━━ Given data ━━

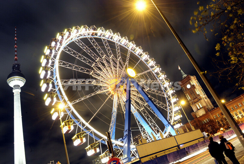 ドイツの首都ベルリン(Berlin)で、テレビ塔をバックにライトアップされた観覧車。ドイツ各地では24日にクリスマス市がオープンし、本格的なクリスマスシーズンが始まった。(2008年11月20日撮影)(c)AFP/DDP/CLEMENS BILAN
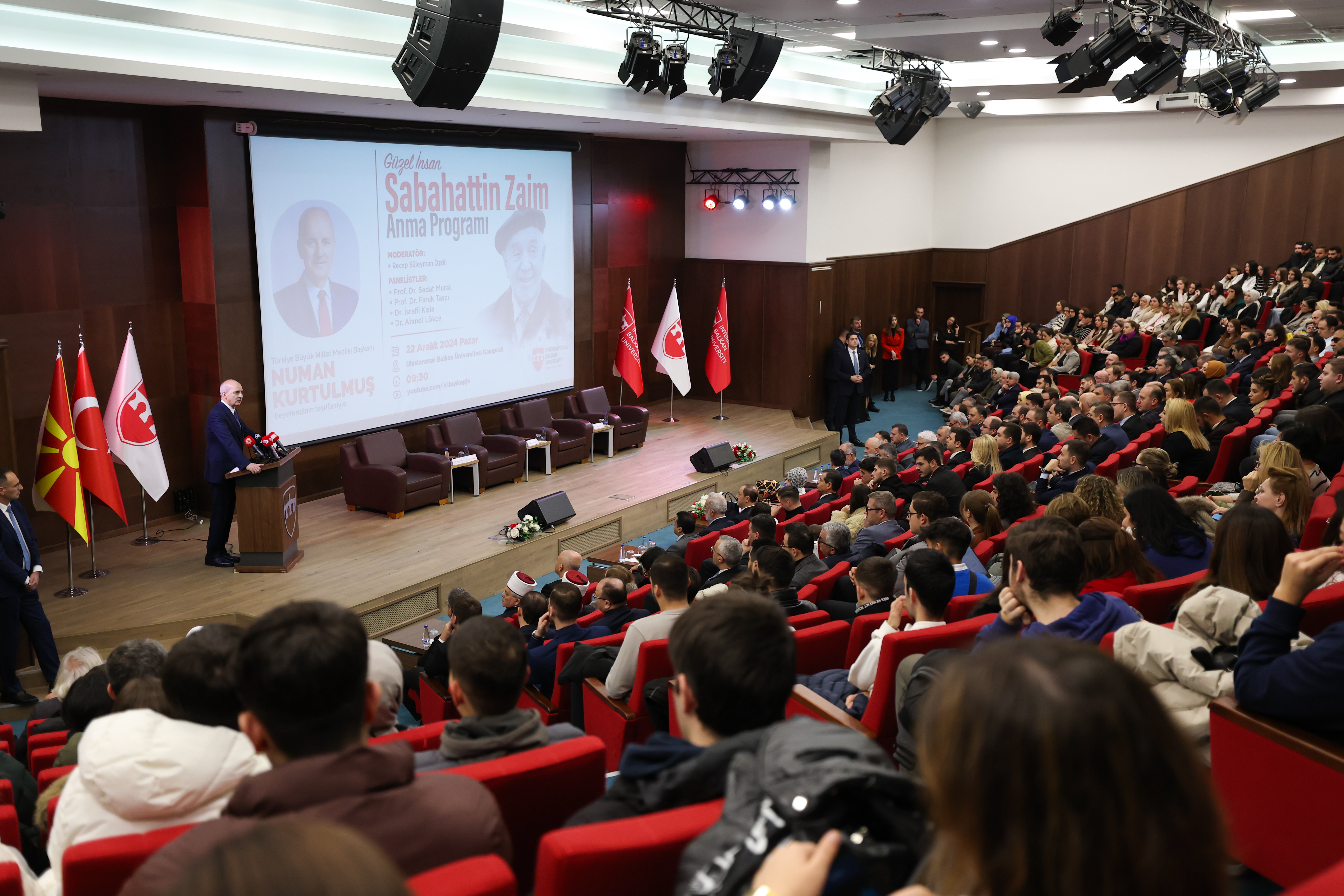 Kurtulmuş, Kuzey Makedonya'nın başkenti Üsküp'teki Uluslararası Balkan Üniversitesi'nde düzenlenen "Sabahattin Zaim Anma Programı"nda konuştu.
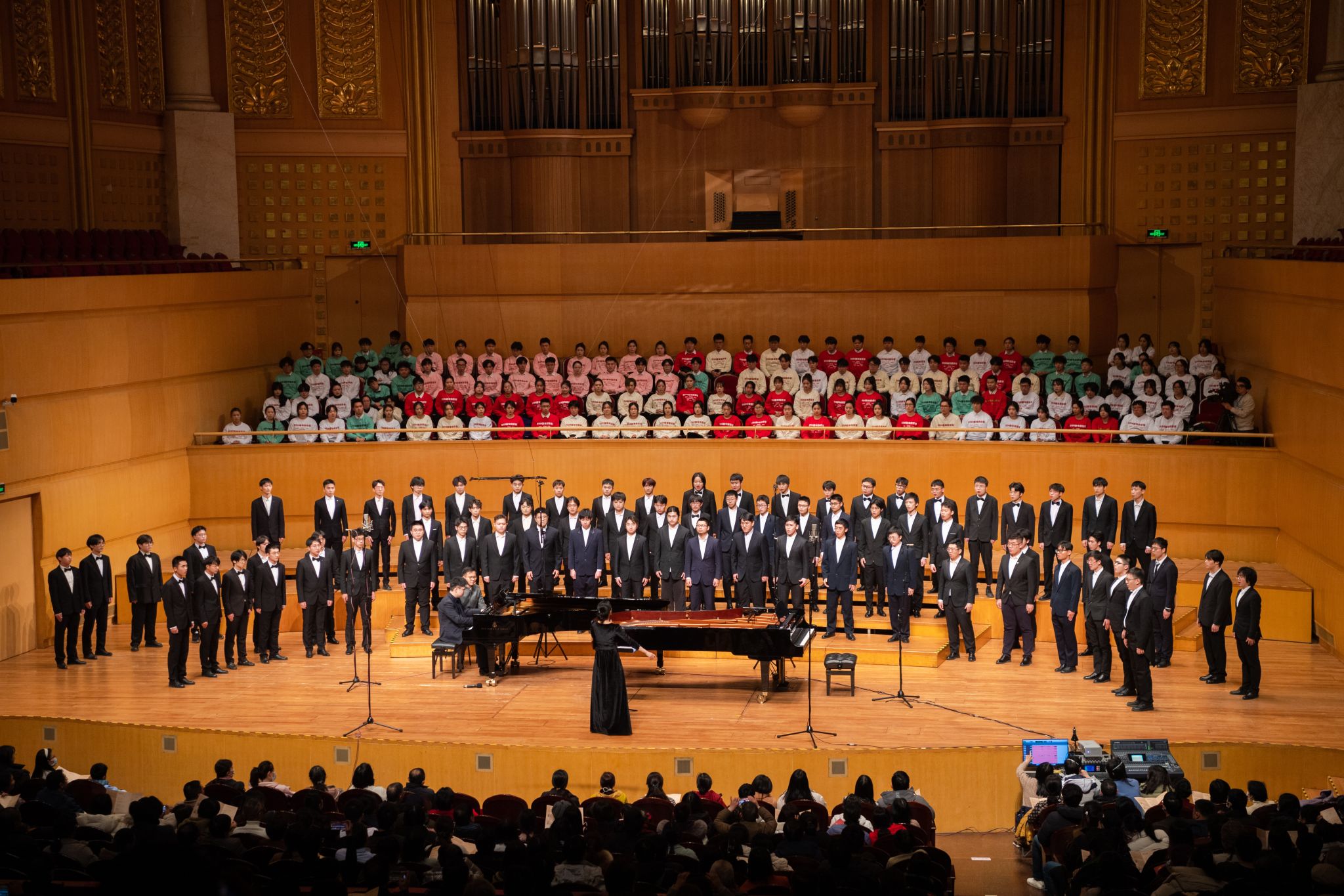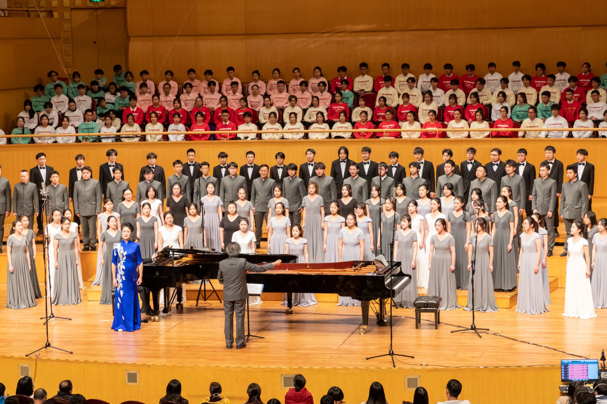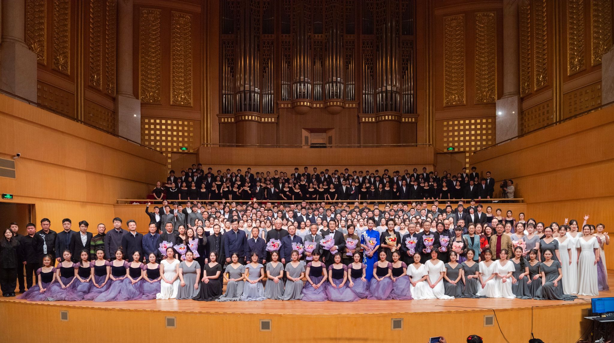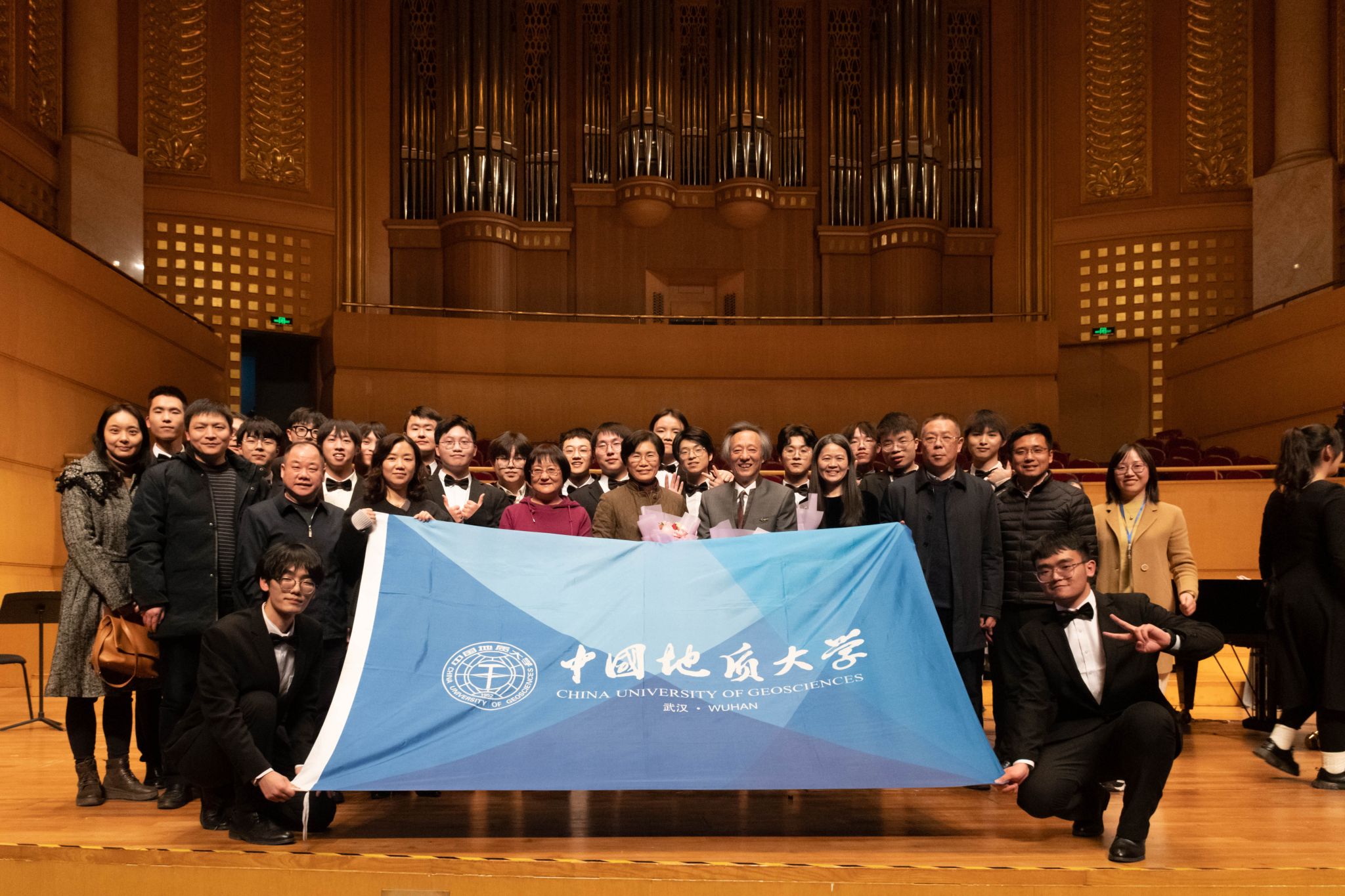 地大新闻网讯(通讯员 赵安然 刘明辉 摄影 齐一凡)近日,“黄河大合唱:2024年新年音乐会”在武汉琴台音乐厅上演,欧博第五元素合唱团20名同学受邀参演。本场音乐会由华中师范大学主办,欧博和清华大学、中南民族大学、武汉理工大学、汉江师范学院、武汉传媒学院、湖北理工学院等7所高校协办,11支合唱团共370余名演职人员参与演出。著名指挥家田晓宝教授担任艺术总监,著名歌唱家贺磊明、李秀英、余惠承、李初建、刘春喜担任独唱与领唱。欧博党委书记黄晓玫,党委副书记、纪委书记唐忠阳,党委常委、组织部部长陈文武受邀参加音乐会。

━━━

=== Activity ===
Whenever you reach a picture, pass over it; print all the other material exactly.

=== Solution to this problem ===
 ドイツの首都ベルリン(Berlin)で、テレビ塔をバックにライトアップされた観覧車。ドイツ各地では24日にクリスマス市がオープンし、本格的なクリスマスシーズンが始まった。(2008年11月20日撮影)(c)AFP/DDP/CLEMENS BILAN
 Kurtulmuş, Kuzey Makedonya'nın başkenti Üsküp'teki Uluslararası Balkan Üniversitesi'nde düzenlenen "Sabahattin Zaim Anma Programı"nda konuştu.
 地大新闻网讯(通讯员 赵安然 刘明辉 摄影 齐一凡)近日,“黄河大合唱:2024年新年音乐会”在武汉琴台音乐厅上演,欧博第五元素合唱团20名同学受邀参演。本场音乐会由华中师范大学主办,欧博和清华大学、中南民族大学、武汉理工大学、汉江师范学院、武汉传媒学院、湖北理工学院等7所高校协办,11支合唱团共370余名演职人员参与演出。著名指挥家田晓宝教授担任艺术总监,著名歌唱家贺磊明、李秀英、余惠承、李初建、刘春喜担任独唱与领唱。欧博党委书记黄晓玫,党委副书记、纪委书记唐忠阳,党委常委、组织部部长陈文武受邀参加音乐会。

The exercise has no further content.